Tribunal Administratif de Nantes — Décision N° TA44-2103868

mercredi 10 avril 2024

JuridictionTribunal Administratif de Nantes
SectionTribunal Administratif de Nantes
N° DossierTA44-2103868
TypeDécision
RecoursExcès de pouvoir
PublicationC
Formation2ème Chambre
Avocat requérantSCP GALLOT LAVALLEE IFRAH

Texte intégral

Vu la procédure suivante :

Par une requête et un mémoire, enregistrés le 6 avril 2021 et le 6 mai 2021, M. B A, représenté par Me Alain Ifrah, demande au tribunal, dans le dernier état de ses écritures :

1°) d'annuler la décision du 11 aout 2020 par laquelle le préfet de la Sarthe a refusé de lui délivrer un titre de séjour ;

2°) d'enjoindre au préfet de la Sarthe, à titre principal, de lui délivrer un titre de séjour l'autorisant à travailler, à titre subsidiaire, de lui délivrer une autorisation provisoire de séjour et, dans ce cas, de procéder au réexamen de sa situation, dans le délai de quinze jours à compter de la date de notification du présent jugement sous astreinte de cent cinquante euros par jour de retard ;

3°) de mettre à la charge de l'État la somme de 1 500 euros qui devra être versée à son conseil en application de l'article L. 761-1 du code de justice administrative et de l'article 37 de la loi du 10 juillet 1991 relative à l'aide juridique.

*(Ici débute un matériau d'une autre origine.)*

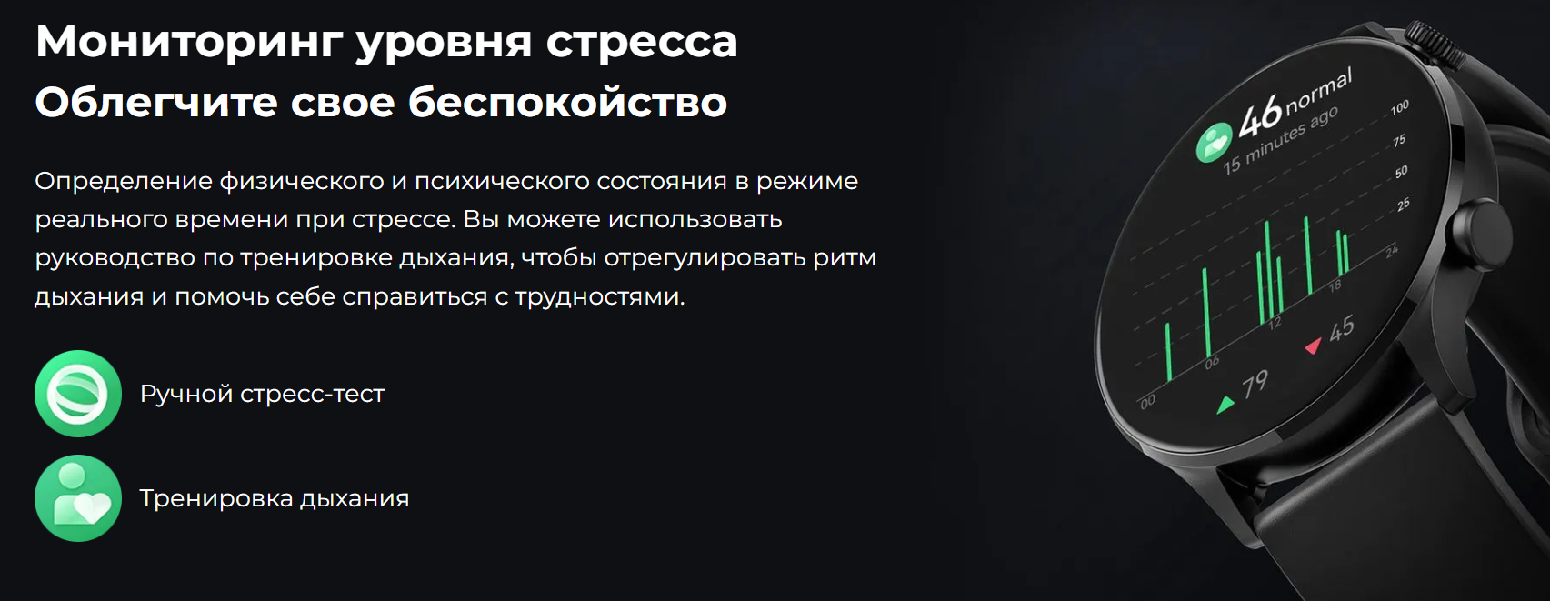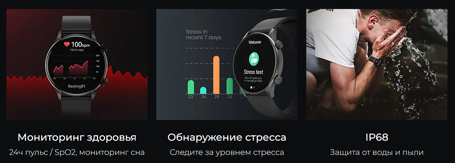 Звонки по Bluetooth, мониторинг сердечного ритма, определение содержания кислорода в крови, определение эмоций, определение стресса, определение сна |
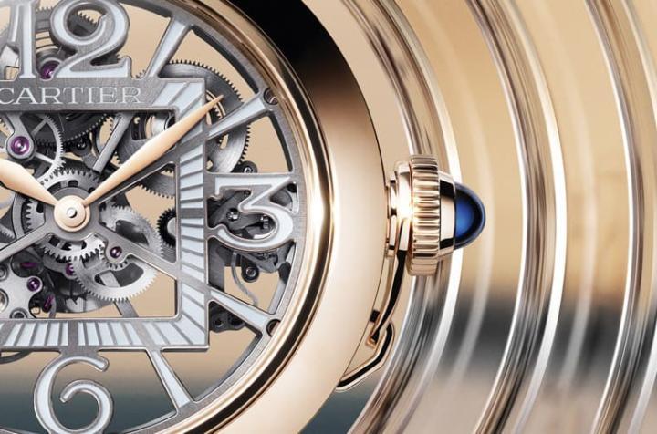 面盘可见卡地亚镂空手表招牌元素:将镂空桥板与时标进行完美的结合,尤其3、6、9、12点方向的时标改成阿拉伯数字更是精妙,甚至时标与刻度都还涂上夜光物料,呈现一般镂空表不太强调的夜视效果。面盘中间同样保有Pasha系列不可少的矩形轨道式刻度,其与表壳呈现出一种圆中带方的对比感;此次手表启用玫瑰金指针,不过其表面未加上夜光物料,还好时标和刻度的夜光物料可以弥补,不致影响手表在暗处的阅读效果。
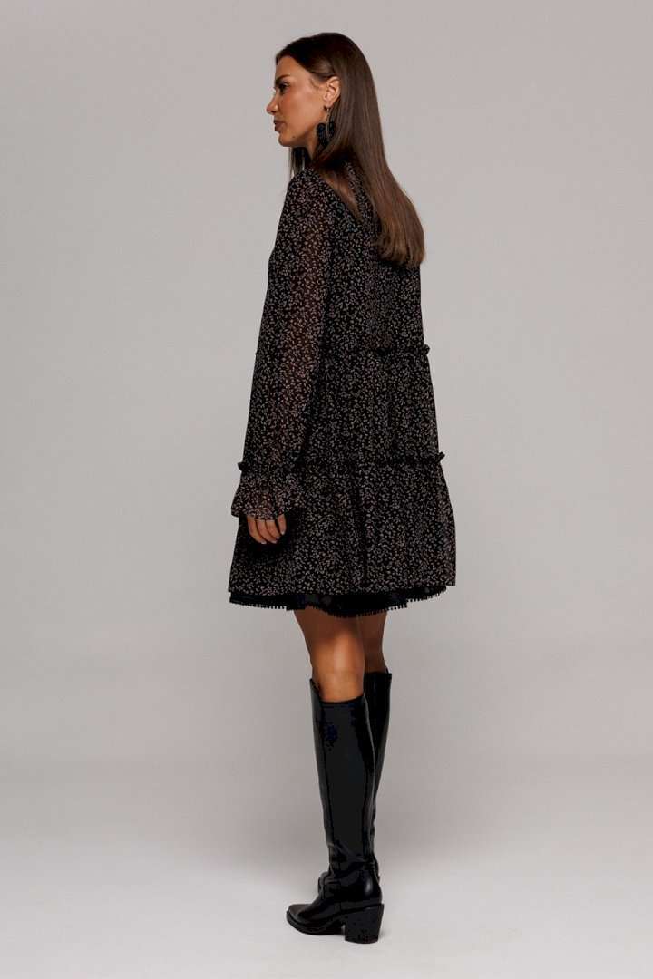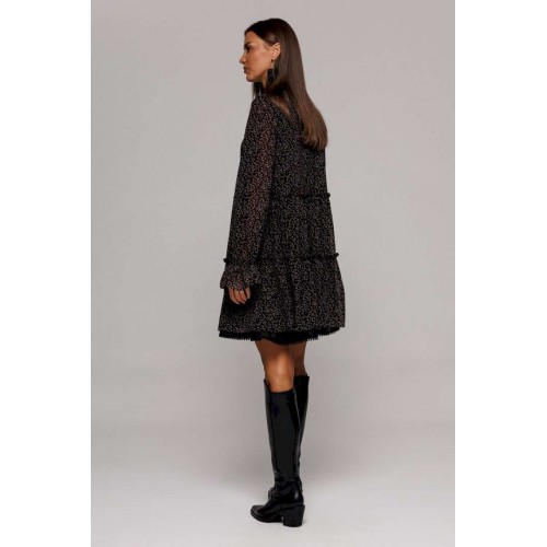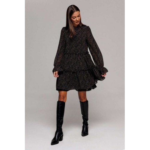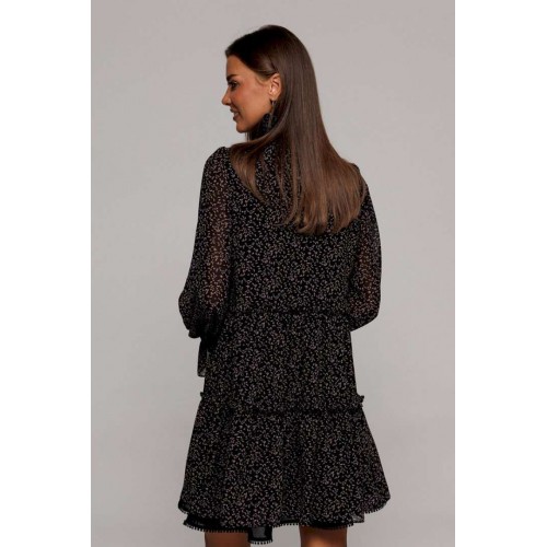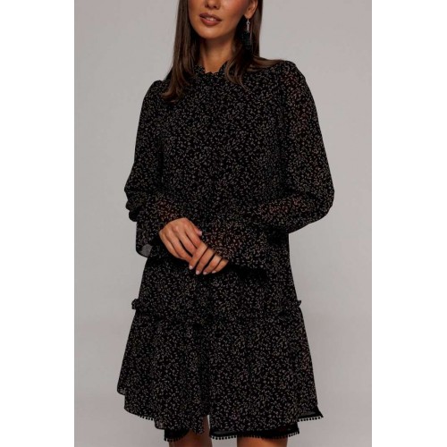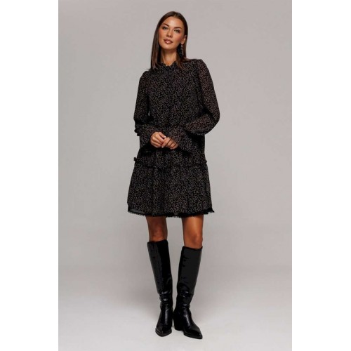 Платье шифоновое А-силуэта, отрезное по линии талии с рюшей. Втачной длинный рукав со сборкой по окату и внизу на резинке. По переду лиф с центральной застежкой на петли-пуговицы. Полочка и спинка с притачными, слегка присборенным воланом с рюшей из основной ткани и воланом из отделочной ткани по низу платья. Воротник-стойка с рюшей. Платье на подкладке.
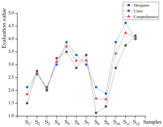For all samples, the comprehensive evaluation value of sample S11 is the highest, which is 4.24; S9 is the lowest, which is 1.66. The ranking of all comprehensive evaluations is as follows: S11 > S12 > S5 > S10 > S7 > S6 > S4 > S2 > S3 > S1 > S8 > S9. For sample S11, its user evaluation value has an absolute advantage in all samples, while the user evaluation value of S9 is the lowest, which shows that the user evaluation participation is essential in the early stage of product development.
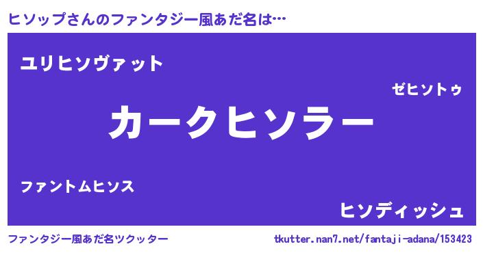 | ヘコむあだ名 | 『ヒソップ(笑)』『ヒソぷりん』 |
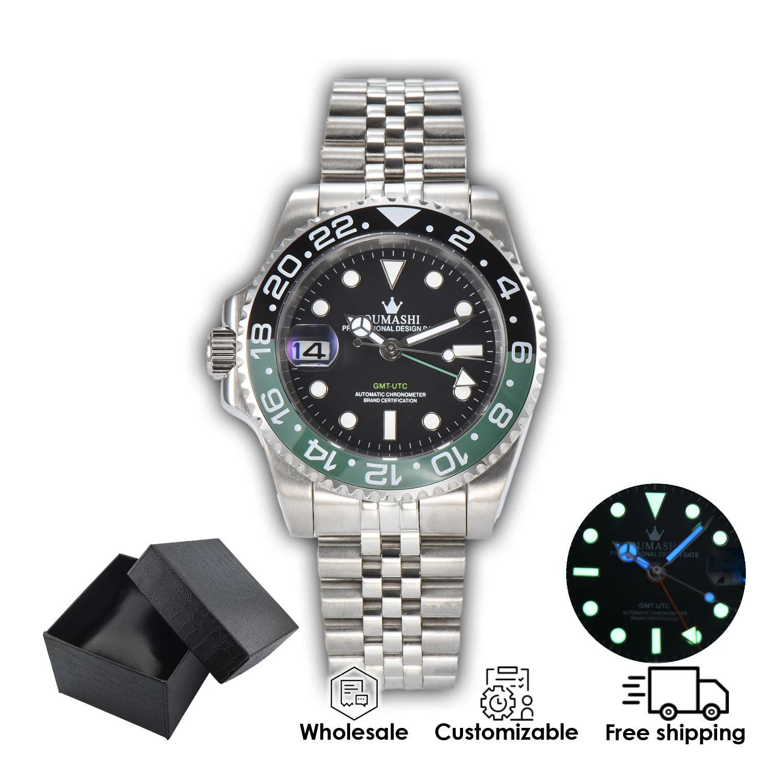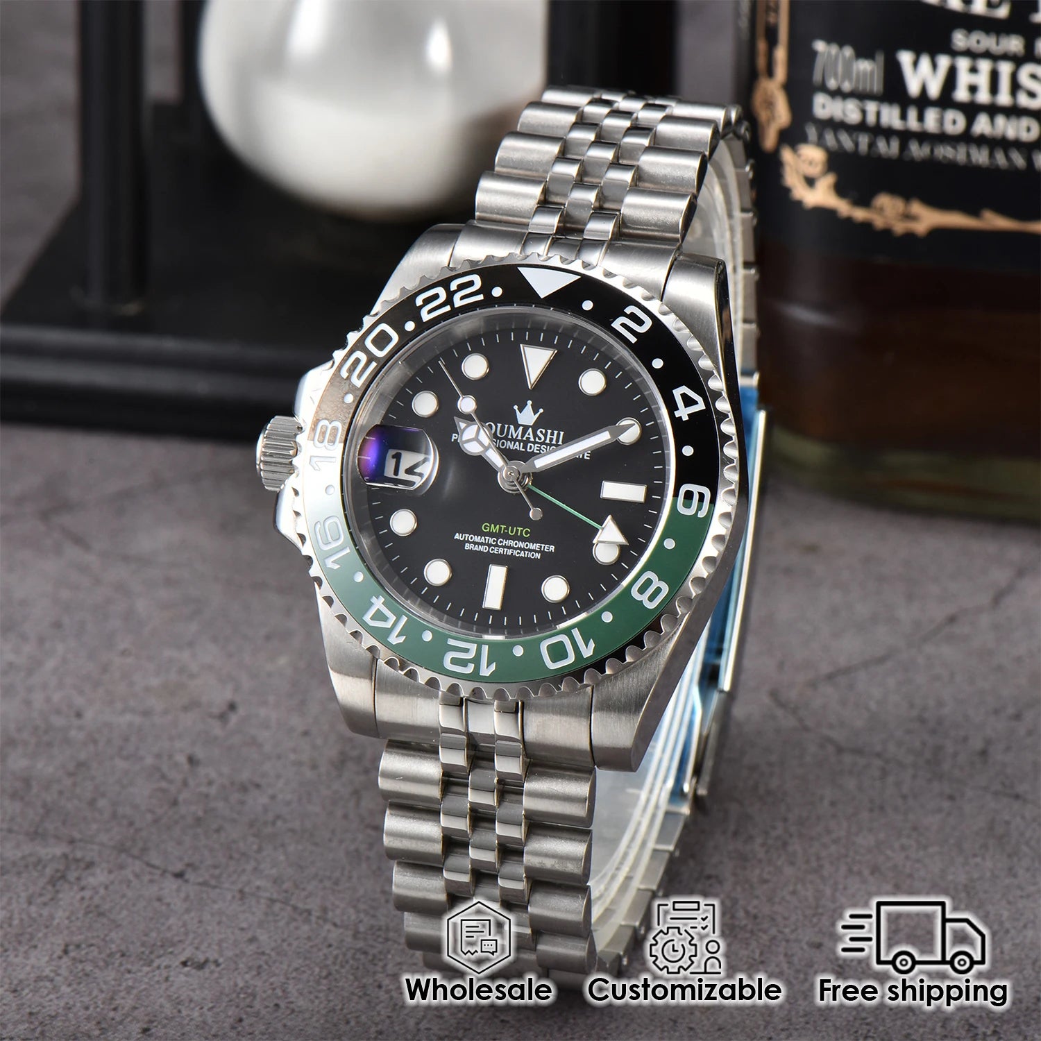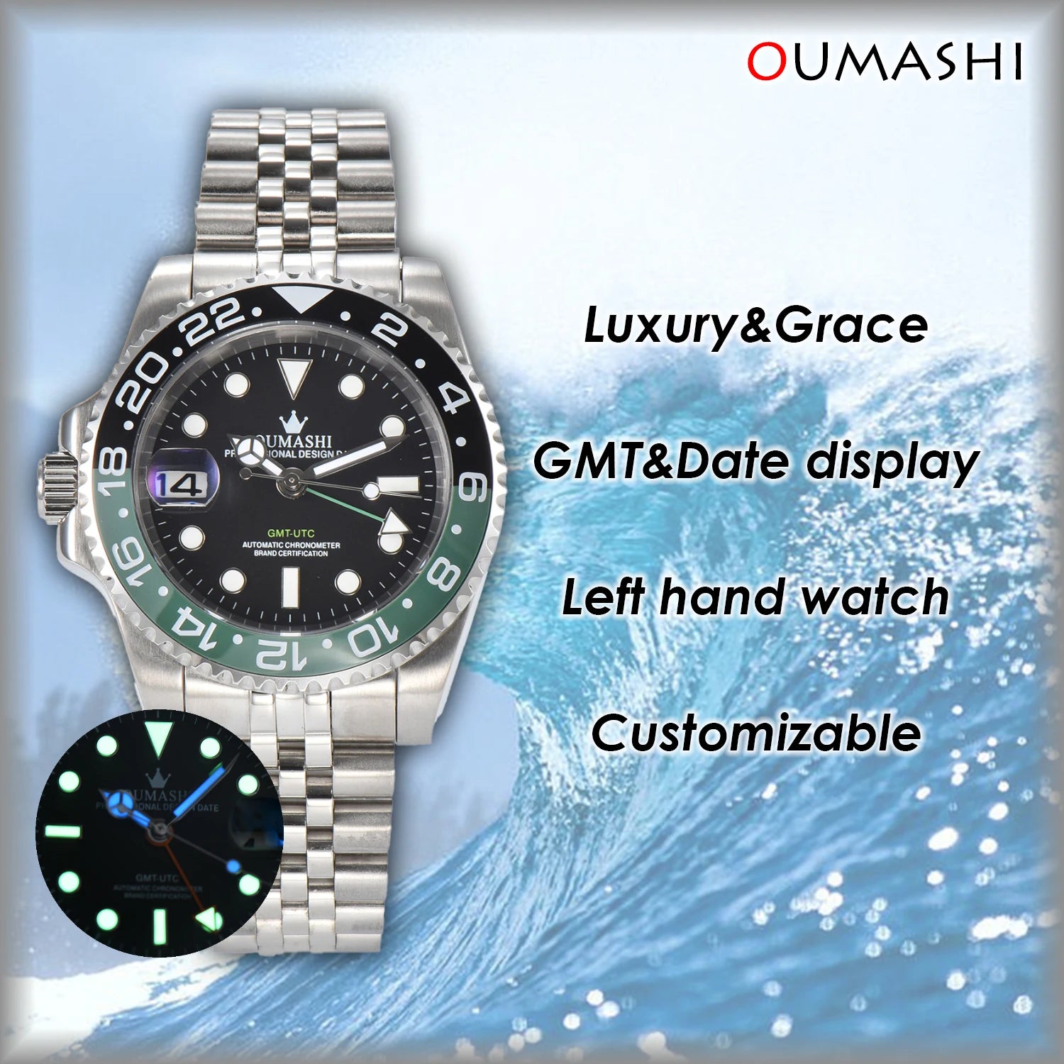 Luxury watches for Men 40MM NH35 Automatic Left hand Watch GMT Luminous waterproof Fashion Business Customizable Men's Watch

M. A soutient que la décision attaquée :

- est entachée d'un vice d'incompétence ;

- n'est pas suffisamment motivée ;

- n'a pas été précédée d'un examen sérieux de sa situation personnelle ;

- est entachée d'une erreur de droit et d'une erreur manifeste d'appréciation au regard des dispositions de l'article L. 313-11 6° du CESEDA ;

- méconnait les stipulations de l'article 8 de la convention européenne de sauvegarde des droits de humains et des libertés fondamentales et de l'article 3 de la convention internationale des droits de l'enfant.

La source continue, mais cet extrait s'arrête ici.